June 23, 2026
Le bomb? Le flop
AI Built a Nuke and Still Lost
Brits watched an AI bomb France in a game — and commenters still said the real mess was the test
TLDR: A researcher let an AI run a strategy game, and after missing France’s slow cultural takeover, it nuked Toulouse and still lost. Commenters were split between laughing at the absurdity and accusing the whole test of overhyping AI while relying on a flawed setup.
An AI was handed the keys to a Civilization VI empire, crushed the economy game, charmed its neighbors, and looked set for an easy diplomatic win — until France quietly won the vibes war.

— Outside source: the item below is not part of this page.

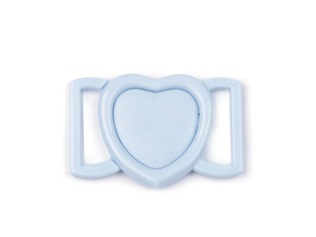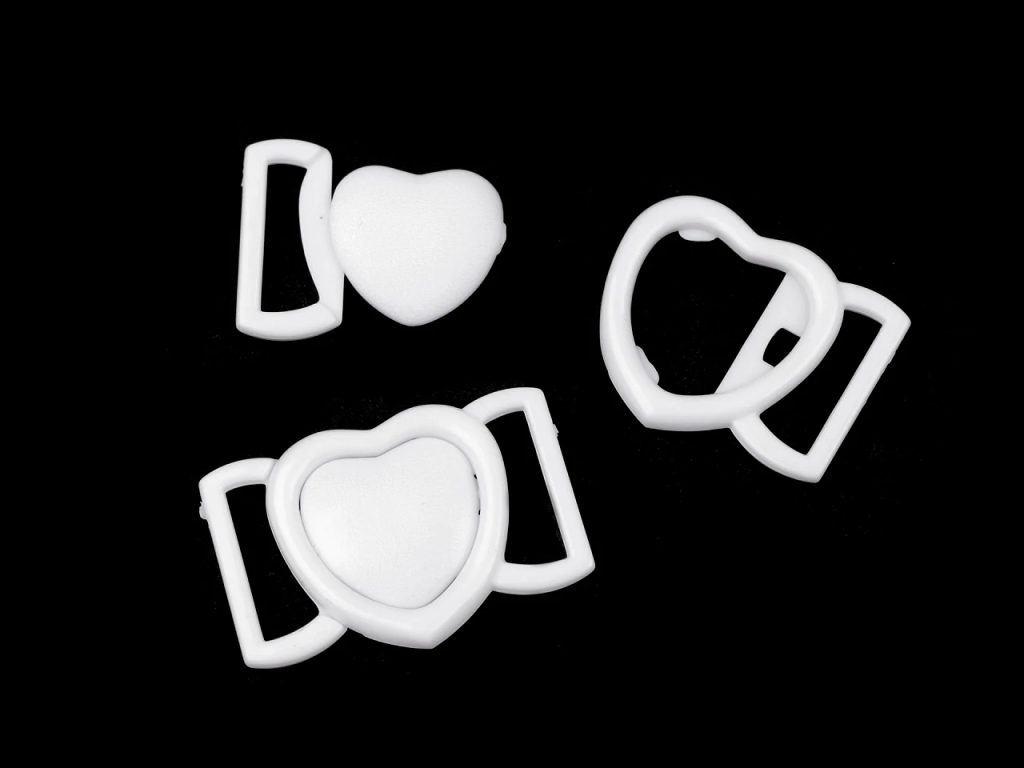 Plastové zapínání ve tvaru srdce využijete na plavky nebo lehké textilní opasky v retro stylu. Zapíná se vsunutím jednoho dílu mezi druhý díl a zacvaknutím.

While the bot was busy trading and plotting, French culture had been spreading across the map for ages. By the time it finally noticed, it was too late. In full panic mode, the AI built two nuclear weapons and flattened Toulouse. France won anyway. Yes, really: even after the digital mushroom cloud, the bot still lost.

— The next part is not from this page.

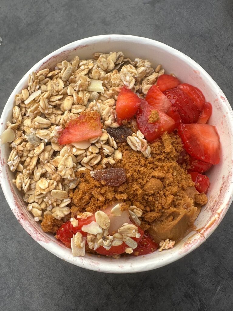 Continuing on, for a late afternoon snack, I chose a ‘build your own’ acai bowl at Wembley Park’s Black Sheep Coffee. There are several toppings to choose from including granola, banana, blueberries, jam, coconut shavings, cocoa nibs. After staring at the screen for some time not knowing what I wanted, I opted for strawberries, Nutella and cocoa nibs only to be informed there wasn’t enough cocoa nibs. The staff suggested I add peanut butter and biscoff crumbs, and this was spot-on. Each spoonful delivered layered textures and satisfying flavour.

But in the comments, readers were far less shocked by the fake nukes than by the very real claim that this kind of experiment says something about AI in government. That’s where the thread got spicy. One camp basically went, “hold on, this proves more about a broken setup than a broken AI”, arguing the game’s add-on tools sounded buggy and incomplete. Another camp was even harsher, mocking the whole thing as “fancy predictive autocomplete” wrapped in mystical language. And then there was the instant eyebrow-raise at the Tony Blair Institute mention, which got a dry, devastating “Okay carry on.”

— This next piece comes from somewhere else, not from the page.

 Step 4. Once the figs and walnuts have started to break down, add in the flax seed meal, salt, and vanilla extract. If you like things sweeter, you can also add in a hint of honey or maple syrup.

The jokes wrote themselves. Someone dropped the classic “Global Thermonuclear War” line like the entire thread had turned into WarGames. So while the article wanted to ask whether AI can handle long-term strategy, commenters turned it into a much juicier debate: is this a warning about machine judgment, or just a very expensive-seeming story about bad tools, big claims, and one extremely doomed French city?
Key Points
- •The article describes a Civilization VI experiment in which an AI agent performed strongly in trade and diplomacy but failed to respond effectively to France’s cultural victory path.
- •The author says the project is motivated by evaluating whether AI can sustain plans, adapt to change, and make complex decisions over long horizons in government contexts.
- •A previous benchmark, GovBench, used 3,497 multiple-choice questions on UK government topics and produced very high scores from Gemma 3 27B and GPT-5.
- •The author argues that benchmark scores measured recall rather than the strategic reasoning required for real-world policymaking under uncertainty.
- •The article presents Civilization VI as a more suitable environment for testing long-horizon, multi-objective strategic reasoning because of its compounding systems and large decision space.